El gran "elefante en la habitación", como dicen los estadounidenses para referirse a un problema que nadie quiere reconocer, es, por supuesto, Israel. También los israelíes están muy preocupados por el futuro inmediato de su vecino; muchas cosas dependen de la cooperación con Egipto, y las menores no son la paz y la estabilidad tan arduamente ganadas en la primera mitad de su corta historia como país independiente. No cabe duda, por otra parte, de que las preocupaciones israelíes se encuentran entre las prioridades del pensamiento de Estados Unidos, el principal aliado de Israel. Todo esto es lógico, aunque resulta en cierta medida triste que un levantamiento tan generalizado y, en apariencia, auténtico pueda verse frustrado por la ambivalencia de la lejana superpotencia que ha apelado de forma más sistemática a la libertad y la democracia en todo el mundo y, sobre todo, en Oriente Medio. Las luchas en las calles de Egipto, Túnez, Jordania, Yemen y otros países tienen que ver con la situación en esos lugares; no con Israel, Estados Unidos ni Irán, ni con religiones ni ideologías abstractas, sino con la vida real, con demandas básicas.

No obstante, cualquier estudioso de la historia de los levantamientos populares (en especial, de los que son tan multitudinarios como parecen ser los actuales) sabe lo difícil que puede ser desenredar lo cotidiano y lo abstracto. Lo que estamos viendo ahora no es una sociedad inmersa en discusiones y debates; es una formidable insurrección, intensamente emocional, cuya trayectoria resulta imposible de predecir.

Algún día la gente preguntará: ¿no se pudo prever todo esto? ¿Qué se pudo haber hecho para atenuar la situación? Es verdad que durante años los supuestos aliados de los dictadores árabes han estado instándolos a abordar reformas; algunos, como el rey Abdalah de Jordania, hicieron lo que pareció un sincero esfuerzo por seguir los consejos, aunque acabaron abandonándolo. Como han hecho los gobernantes desde el principio de los tiempos, su objetivo es ante todo permanecer en el poder; responden, en primer lugar, a los grupos y electores que les son más leales y más esenciales para mantener su posición, y tienen un interés cada vez mayor en la perpetuación del statu quo. Ese statu quo se vuelve, a su vez, cada vez más frágil. Y el ciclo continúa. Hasta que todo estalla.

El hoy desacreditado enfoque estadounidense a ese dilema fue el radical: hacer borrón y cuenta nueva. Invadir un país, derrocar al dictador y empezar de nuevo. Si hubo quienes pensaron que en Iraq eso podía funcionar y lograr de la noche a la mañana la transformación del país en un modelo árabe de buen gobierno, ahora están muy silenciosos. A la mayoría de los más fervientes partidarios de la invasión de Iraq en nombre de la democracia no les gusta lo que están viendo en Egipto y otros lugares cercanos.

Y esta es otra triste paradoja de Oriente Medio, una paradoja que se remonta a 1919, cuando los estadistas reunidos en Versalles desestimaron las peticiones de los dirigentes árabes alegando que no estaban preparados para la autodeterminación. Por desgracia, los descendientes de algunos de esos dirigentes aún siguen en el poder.
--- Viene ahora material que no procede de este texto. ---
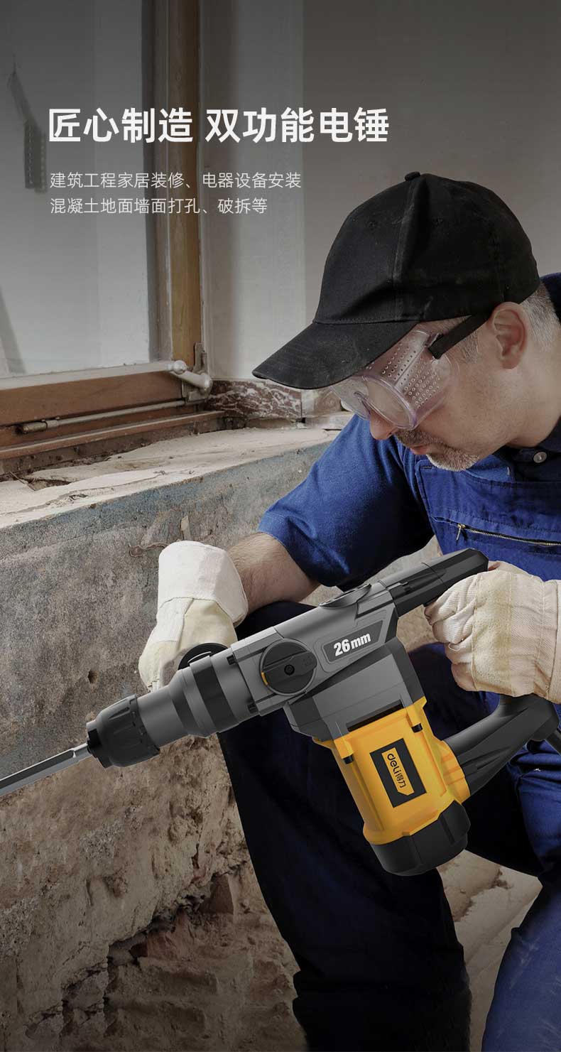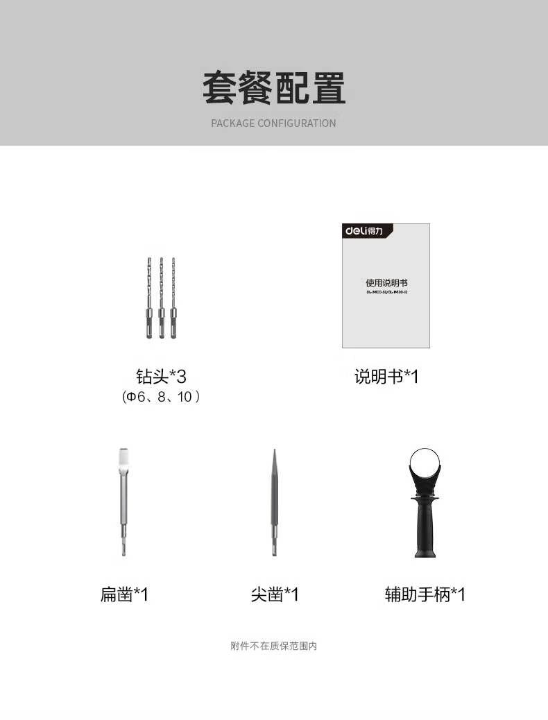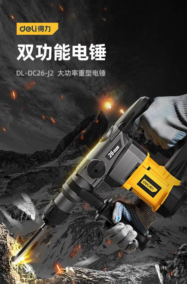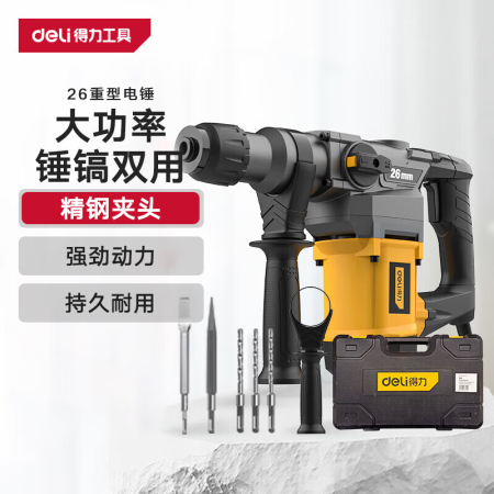 商品名稱(chēng):得力DL-DC26-J2 雙功能重型電錘大功率沖擊鉆 多功能電鉆錘鎬兩用混凝土開(kāi)鑿套裝

Sólo nos cabe esperar, de alguna manera, una única alternativa: que una transformación gradual encuentre un modo de materializarse, no sólo en el Oriente Medio árabe, sino dondequiera que una obstinada dictadura se niegue, bajo la amenaza de una violencia masiva, a ceder el poder. Aunque también esto está empezando a parecer, cada vez más, una esperanza vana. De todos modos, estamos sólo en el principio.

Por Kenneth Weisbrode, historiador del Instituto Universitario Europeo de Florencia. Traducción: Juan Gabriel López-Guix.